More recently, GWAS studies have led to the identification of over 40 prostate cancer risk-associated SNPs that have been replicated in multiple study populations. These variants are common in the general population (5 % or higher), confer low risk with ORs, typically in the range of 1.1–1.4 (Gudmundsson et al. 2007a, b, 2008, 2009; Yeager et al. 2007, 2009; Thomas et al. 2008; Eeles et al. 2008, 2009; Sun et al. 2008; Xu et al. 2010; Kote-Jarai et al. 2011a; Takata et al. 2010; Akamatsu et al. 2012; Haiman et al. 2011), and have been estimated to account for ~25 % of the risk associated with a positive family history (Kote-Jarai et al. 2011a). Although more common prostate cancer risk-associated variants are likely to be identified in the future, rare variants with larger effects have been proposed as an alternative mechanism to account for ‘missing inheritance’ (Iyengar and Elston 2007; Bodmer and Bonilla 2008). In this respect, the establishment of a rare and moderate- to high-penetrance mutation in HOXB13 as a prostate cancer susceptibility allele provides empirical evidence for this alternative hypothesis. Indeed, like colorectal and breast cancer, at least some significant fraction of prostate cancer risk is conferred by this class of coding sequence variants.

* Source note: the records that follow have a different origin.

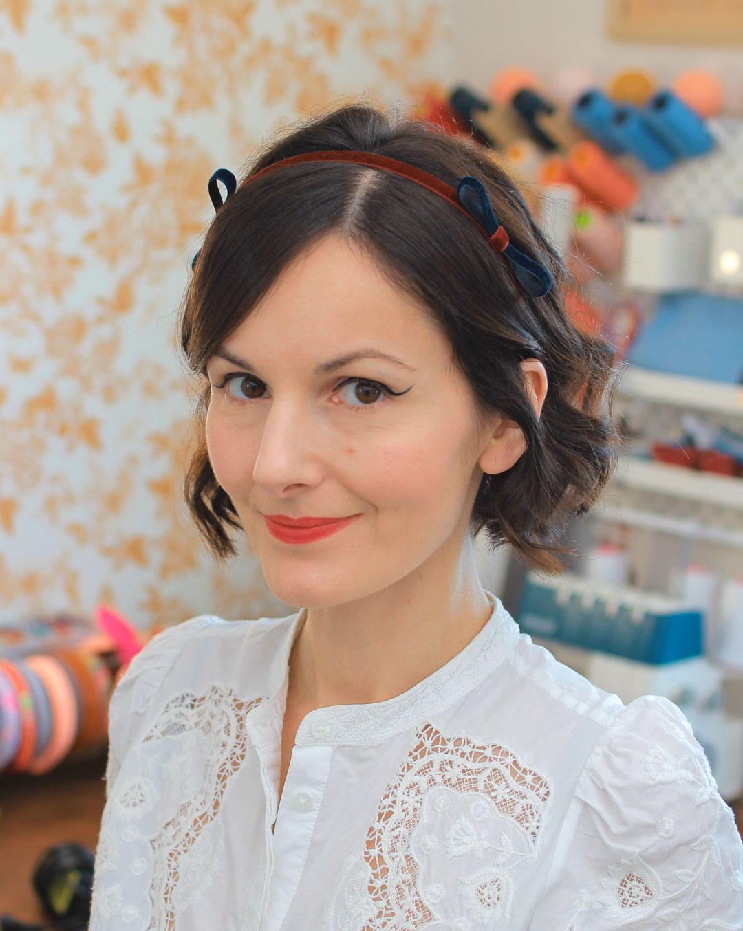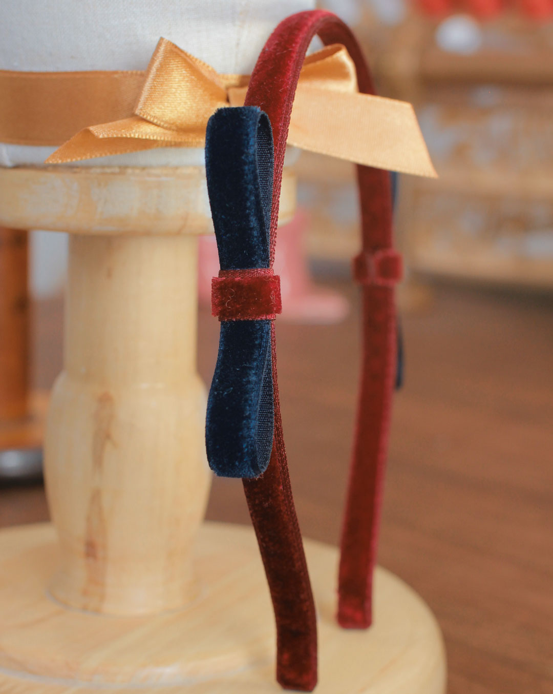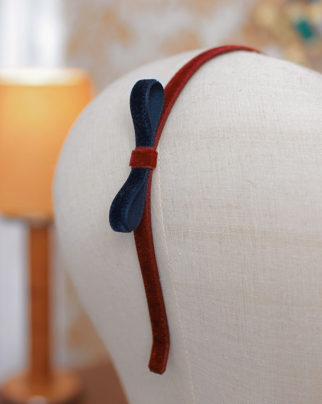 Serre-tête en velours bordeaux orné de deux nœuds en velours bleu marine
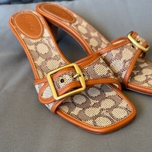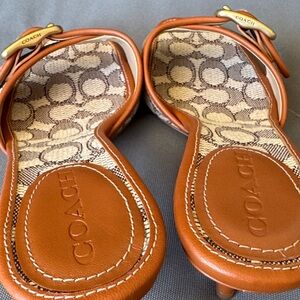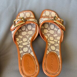 Chic Coach sandals with signature pattern. Stylish buckle accent. Perfect for any occasion in perfect condition used once
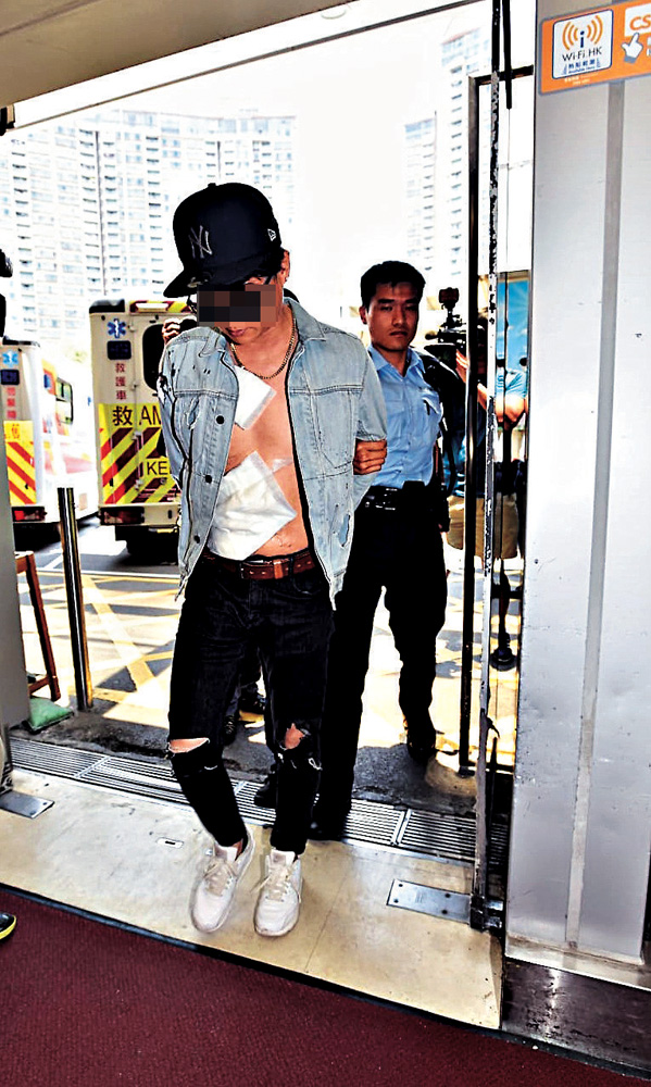 图:躁夫逞兇后并没逃走,双手和胸部亦受伤,由警员羁押送院。圆图为装着腐液的樽

The estimated frequency of the HOXB13 G84E mutation in prostate cancer families is influenced by the number of individuals in any given family as well as family structure. For example, some extended families, particularly in the Utah collection, have more than 100 subjects and have multiple affected generations. Similarly, estimated ORs for G84E in relation to prostate cancer risk are impacted by the mixed degrees of relatedness among relatives, as the covariance matrices used in the GEE models do not explicitly account for family structure. The analysis presented in Table 3 was designed to provide better odds ratio estimates for first- and second-degree relatives of G84E carriers. Of interest, the carrier rate was lower among second-degree affected relatives (58 %) compared with first-degree affected relatives (75 %), suggesting the presence of genetic heterogeneity across families. The OR estimates from our analyses should be interpreted only in the context of the current study. We note that the odds ratios are calculated based on many “controls” that have limited phenotype information; most have not been screened for disease or screening results are missing. Further, familial controls not currently affected by prostate cancer are more likely to develop disease in the future compared with randomly selected men from the general population given the strong history of disease in these families. Finally, our familial cases are more likely to carry moderate to high penetrance risk alleles compared with typical unselected prostate cancer cases. Large population-based studies that include screened men will be necessary to obtain more accurate measures of G84E mutation frequency and penetrance. As we observed, the frequency of G84E mutations are likely population specific.

Our results implicate a geographical frequency gradient of the G84E mutation across the European continent, with the mutation being more common in Nordic countries, notably Finland. This finding highlights the strength of the current study as family-based association methods provide the strongest protection against type I error due to population stratification. It remains to be seen how various analytic methods (e.g. those based on principal components that capture the major sources of genetic variation between subjects across common genetic variants) will protect against population stratification when analyzing uncommon genetic variants that disproportionately occur in specific European-derived populations in case–control settings.

In summary, analysis of the large ICPCG family collection establishes the HOXB13 G84E allele as a reproducible risk factor for prostate cancer. Our identification of a common haplotype among the majority of HOXB13 G84E carriers indicates that there is a founder effect with a higher frequency of the mutant allele in Nordic populations. Additional studies using population-based case–control and/or familial samples will be useful to define the penetrance of this mutation, which will have important clinical implications for families that carry the G84E mutation.